A High Court committee has just completed its report to the Working Group on Judicial Resources, set up in May. All court divisions will make submissions to the group, due to report to Government next April.
In the meantime arrears and delays will continue to build across all High Court divisions, Ms Justice Irvine said.
While stressing she is grateful for the Government’s decision to increase High Court judicial numbers this year, she said these appointments do little more than replace those judges appointed to other non-judicial work or, for other good reason, are currently unavailable to sit.
Equally, they do not reflect an increase to match the growth in the numbers of claims being commenced across all divisions of the High Court, she said.
The hearing of almost all categories of High Court cases continued during the pandemic, but witness cases were the “great problem” because many were unsuitable for remote platforms, she said.
Physical trials would be the default position in the new term in lists including personal injuries, family law, commercial and cases involving complex legal submissions, but hybrid hearings would suit many cases, she said.

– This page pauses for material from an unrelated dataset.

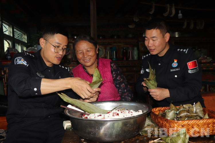 圖為魯霞邊境派出所民警前往轄區(qū)珍噶老人家中開展包粽子活動(dòng) 攝影:伍俊丞

The “starting consideration”, the judge said,would be to ensure courtrooms would be “as safe as possible” for physical hearings, with no reduction in the quality of the hearing afforded to the parties.

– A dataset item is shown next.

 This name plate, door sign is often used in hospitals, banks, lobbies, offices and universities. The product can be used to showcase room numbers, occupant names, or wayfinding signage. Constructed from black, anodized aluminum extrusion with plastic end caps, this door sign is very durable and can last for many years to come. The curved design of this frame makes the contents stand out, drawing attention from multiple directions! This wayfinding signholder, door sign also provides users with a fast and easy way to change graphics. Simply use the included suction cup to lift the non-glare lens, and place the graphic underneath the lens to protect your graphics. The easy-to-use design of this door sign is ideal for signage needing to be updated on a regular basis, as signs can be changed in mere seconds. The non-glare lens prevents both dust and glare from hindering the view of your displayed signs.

“Unlike indoor dining or going to the gym or an All-Ireland final, going to court is not elective. Parties, lawyers, witnesses, Courts Service staff and jurors are obliged to attend regardless of their risk profile.”

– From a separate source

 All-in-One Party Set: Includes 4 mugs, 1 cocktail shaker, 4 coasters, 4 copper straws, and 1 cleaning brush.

The numbers of people in court would continue to be restricted if that could be done without affecting the quality of the hearing. “It is not fair to expose people to a risk beyond what is necessary for the proper administration of justice,” Ms Justice Irvine said.
Parties will be encouraged not to bring in unnecessary witnesses, to agree reports where possible and take evidence from doctors and other expert witnesses via video link.
Remote platforms
She said the judiciary, Courts Service and most stakeholders believe, for efficiency reasons alone, such applications should be kept on remote platforms after Covid considerations were no longer a factor.
She accepted some, particularly younger members of the Bar, may feel adversely affected by motions being heard remotely as they believe courtroom applications help them develop their skills as advocates and provide an opportunity to demonstrate their abilities to those who might brief them in the future.
Court room training “is of course valuable”, she said, but learning how to conduct remote hearings as effectively as possible is important training because they “will continue long after Covid-19 ceases to be a factor in our lives”.
She said the court’s primary obligation was to the litigant. “We must go with the model of justice that is the most efficient and cost effective for those who need access to justice.”